TASK ITEM - Retype, with no pictures, each line from the one that holds "Herren Text /" through the last line of the entries below, both included.

SOURCE MATERIAL -
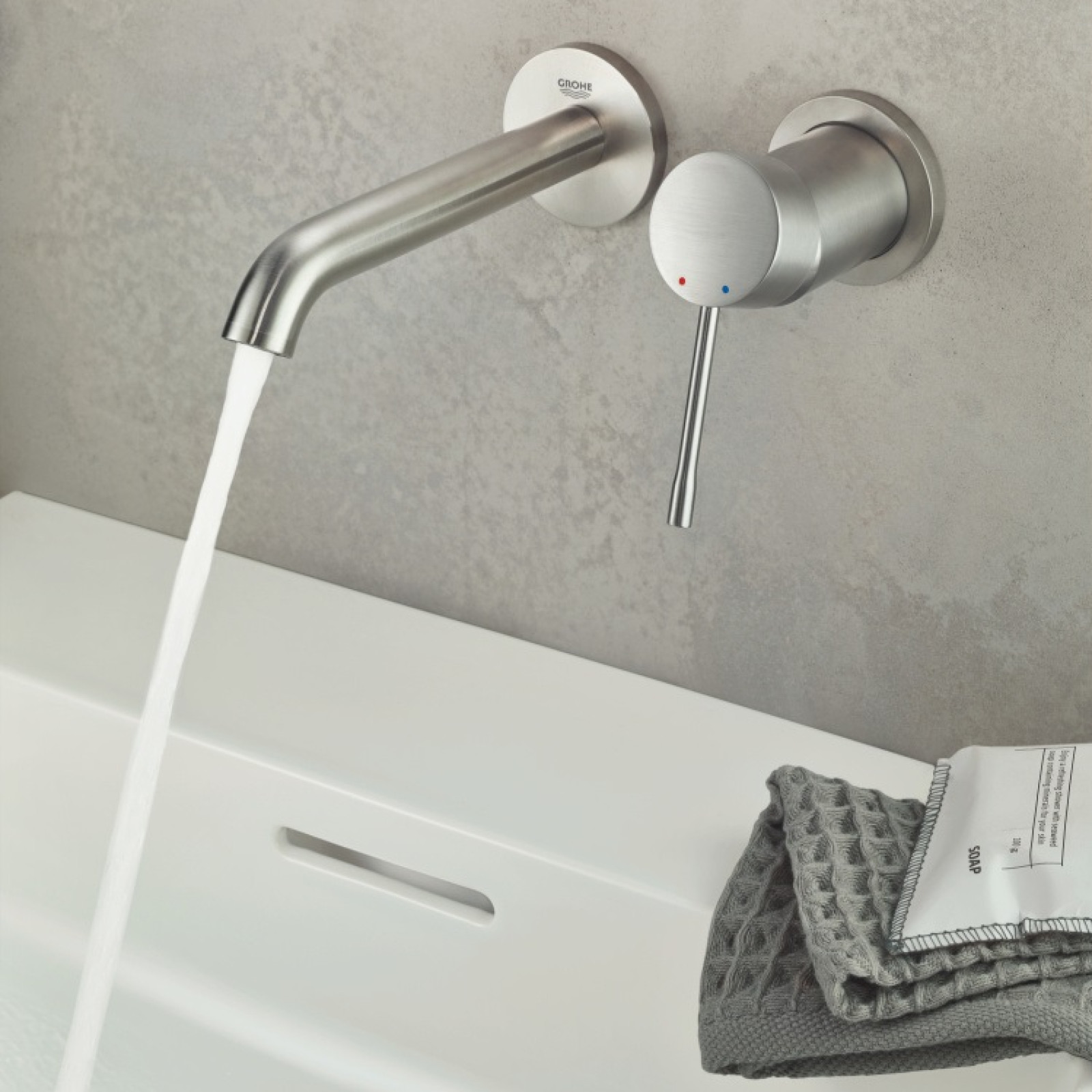 Baterie lavoar Grohe Essence cu 2 orificii și cartuș ceramic de 35 mm, oferă un control lin și precis al temperaturii și debitului de apă, sporind confortul zilnic și reducând riscul schimbărilor neintenționate de temperatură. Aeratorul reglabil AquaGuide este de înaltă tehnologie pentru baterie, care permite reglarea precisă a unghiului jetului de apă (între 20-40°) pentru a preveni stropirea. Tehnologia de economisire a apei limitează debitul la 5,7 l/min fără a compromite performanța. Presiunea minimă este de 1,0 bar. Bateria este instalată în timpul renovării.
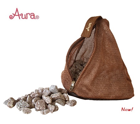 新製品は取っ手部分が「Aura」ロゴ表示(旧製品は〔いい湯種〕でした)。メッシュ袋がナイロン製に替わります。開口部が大きくなり、スライドファスナーは上から下に下げて開くようになって安全ロック付きになります。
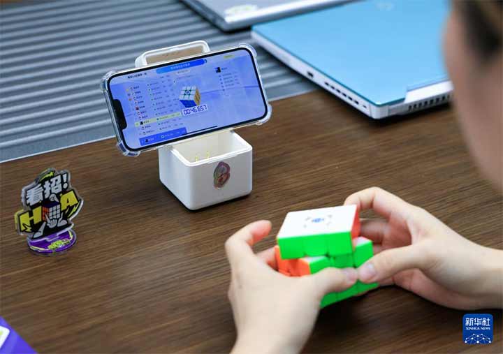 10月29日,在广东佛山顺德,淦源科技创始人江淦源演示智能魔方的联网玩法,智能魔方内置传感器和蓝牙芯片,依靠这些电子设备,能精确监测魔方的每一次转动。新华社记者 霍思颖 摄
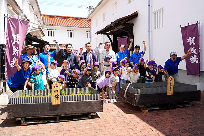 賀茂鶴酒造株式会社は5月20日、見学施設の一号蔵直営店前の敷地内に設置した田んぼ3基で、園児による田植え体験会を実施しました。
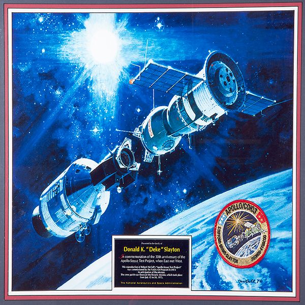 Deke Slayton’s Apollo-Soyuz 30th Anniversary "Presentation" – With Flown Crew Patch. Very nicely framed with a triple matt (red, white and blue) this reproduction of Robert McCall’s "Apollo-Soyuz Test Project" painting is simply outstanding! The plaque reads "Presented to the family of Donald K. "Deke" Slayton. In commemoration of the 30th Anniversary of the Apollo-Soyuz Test Project, when East met West. This reproduction of Robert McCall’s "Apollo-Soyuz Test Project" was commissioned by the NASA Art Program in anticipation of the mission. The crew patch was flown on the historic mission, which took place from July 15 to 24, 1975." The signoff is "The National Aeronautics and Space Administration". Ex. the Astronaut Donald K. "Deke" Estate Collection.
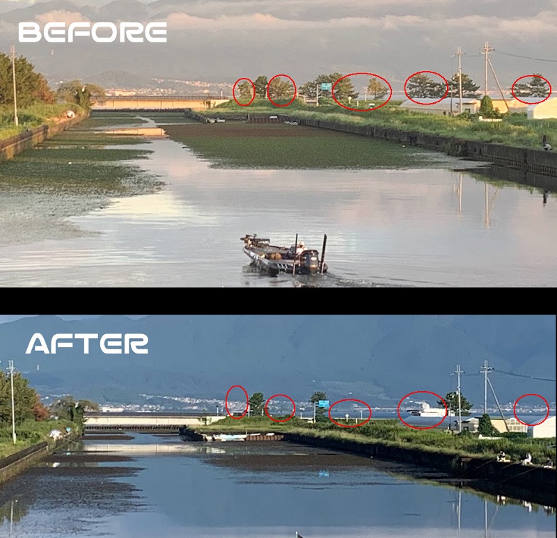 最近、枯れた松が大量に伐採されたので景色が変わってしまいました。野洲川あたりの湖岸道路を走っていると琵琶湖の見通しがよくなっています。
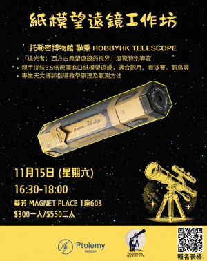 紙模望遠鏡工作坊-托勒密博物館xHOBBYHK TELESCOPE聯動活動托勒密博物館
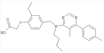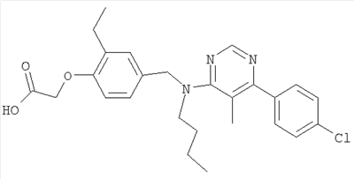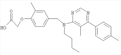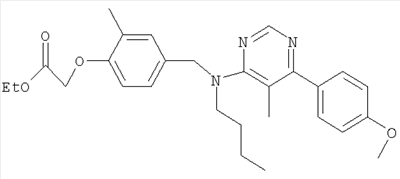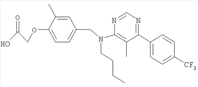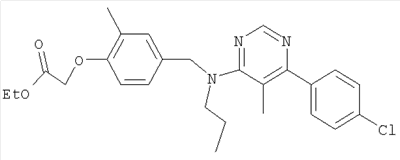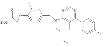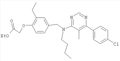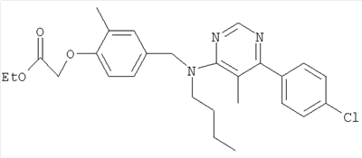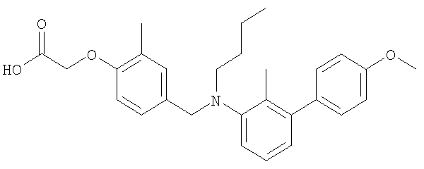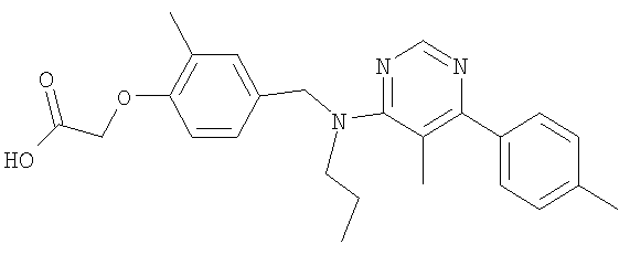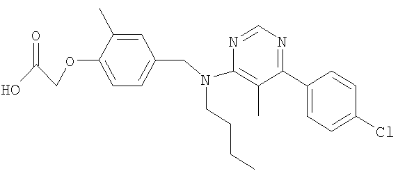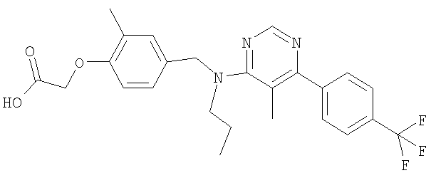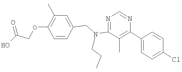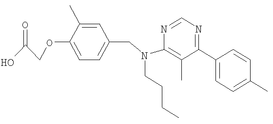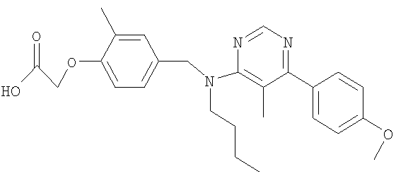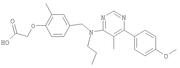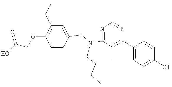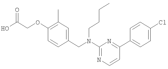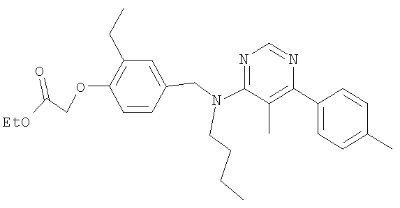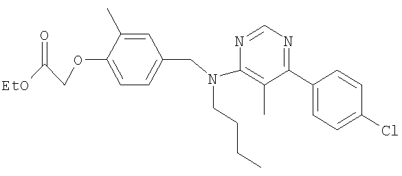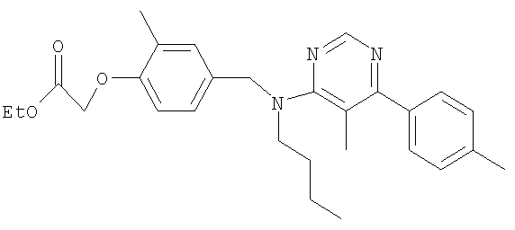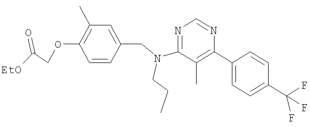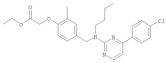 Получали из 4-метоксифенилбороновой кислоты (0,93 г; 6,13 ммоль) и 4,6-дихлор-5-метилпиримидина, используя методику, описанную для Промежуточного соединения 62. LC/MS: m/z 235,1 [М+Н]+, Rt 3,0 мин. Промежуточное соединение 66: этил-{4-[(бутил{5-метил-6-[4-(трифторметил)фенил]пиримидин-4-ил}амино)метил]-2-метилфенокси}-ацетат Смесь 4-хлор-5-метил-6-[4-(трифторметил)фенил]пиримидина (0,229 г; 0,84 ммоль), N,N-диизопропилэтиламина (0,293 мл; 1,68 ммоль) и этил-{4-[(бутиламино)метил]-2-метилфенокси}ацетата (0,35 г; 1,26 ммоль) нагревали при 100°С в герметично закрытом реакционном сосуде в течение 18 ч. Реакционную смесь затем оставляли достигать комнатной температуры, остаток растворяли в CH2Cl2 (50 мл), органический экстракт промывали водой (20 мл) и пропускали через гидрофобную фритгу, затем концентрировали под вакуумом. В результате очистки Biotage LC/MS: m/z 516,2 [М+Н]+, Rt 3,9 мин. Промежуточное соединение 67: этил-[4-({бутил[6-(4-метоксифенил)-5-метилпиримидин-4-ил]амино}метил)-2-метилфенокси]ацетат Смесь 4-хлор-6-(4-метоксифенил)-5-метилпиримидина (0,164 г; 0,7 ммоль), диизопропилэтиламина (0,24 мл; 1,4 ммоль) и этил-{4-[(бутиламино)метил]-2-метилфенокси}ацетата (0,29 г; 1,05 ммоль) нагревали при 100°С в герметично закрытом реакционном сосуде в течение 18 ч. Реакционную смесь затем оставляли достигать комнатной температуры. Остаток растворяли в CH2Cl2 (50 мл), органический раствор промывали водой (20 мл) и пропускали через гидрофобную фритту, затем концентрировали под вакуумом. В результате очистки Biotage LC/MS: m/z 478,3 [М+Н]+, Rt 3,2 мин. Промежуточное соединение 68: этил-[4-({бутил[6-(4-хлорфенил)-5-метилпиримидин-4-ил]амино}метил)-2-метилфенокси]ацетат Получали из 4-хлор-6-(4-хлорфенил)-5-метилпиримидина и этил-{4-[(бутиламино)метил]-2-метилфенокси}ацетата, используя методику получения Промежуточного соединения 67. LC/MS: m/z 482,2 [M+H]+, Rt 3,7 мин. Промежуточное соединение 69: этил-[4-({бутил[5-метил-6-(4-метилфенил)пиримидин-4-ил]амино}метил)-2-метилфенокси]ацетат Получали из 4-хлор-5-метил-6-(4-метилфенил)пиримидина и этил-{4-[(бутиламино)метил]-2-метилфенокси}ацетата, используя методику получения Промежуточного соединения 67. LC/MS: m/z 462,3 [M+H]+, Rt 3,4 мин. Промежуточное соединение 70: 2,4
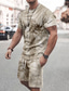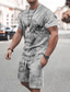 Herren Text / Nummer 2St T-Shirts-Sets Sommeroberteile Kurzarm Kurze Hosen Rundhalsausschnitt Sport Lässig Outdoor Sport Täglich 3D-Druck Sommer Grau Grün Braun
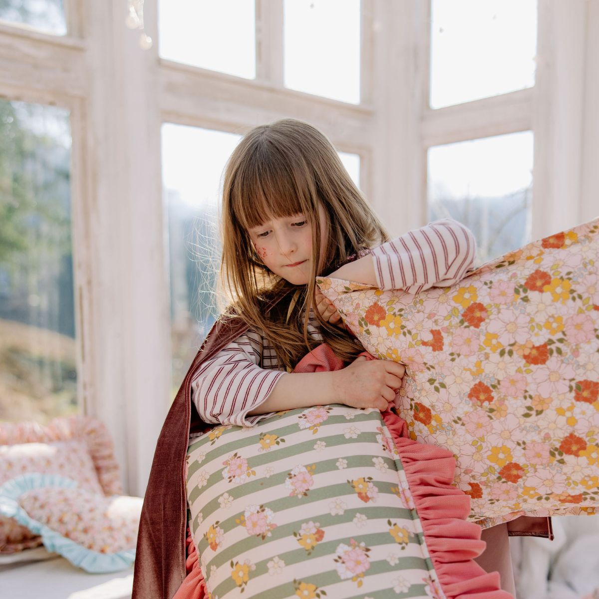 Oryginalne poduszki Moi Mili z autorskim, kwiatowym wzorem to wyjątkowa propozycja dekoracyjna, która odmieni wygląd dziecięcego pokoju. Kwiatowy wzór nadaje wnętrzu delikatności, lekkości i naturalnego uroku, idealnie wpisując się w estetykę pokoju dziewczynki. Poduszka w kwiaty pięknie prezentuje się na dziecięcym łóżeczku, rattanowym fotelu czy w kąciku zabaw, dodając przestrzeni przytulnego charakteru.

YOUR RESPONSE -
 Herren Text / Nummer 2St T-Shirts-Sets Sommeroberteile Kurzarm Kurze Hosen Rundhalsausschnitt Sport Lässig Outdoor Sport Täglich 3D-Druck Sommer Grau Grün Braun
 Oryginalne poduszki Moi Mili z autorskim, kwiatowym wzorem to wyjątkowa propozycja dekoracyjna, która odmieni wygląd dziecięcego pokoju. Kwiatowy wzór nadaje wnętrzu delikatności, lekkości i naturalnego uroku, idealnie wpisując się w estetykę pokoju dziewczynki. Poduszka w kwiaty pięknie prezentuje się na dziecięcym łóżeczku, rattanowym fotelu czy w kąciku zabaw, dodając przestrzeni przytulnego charakteru.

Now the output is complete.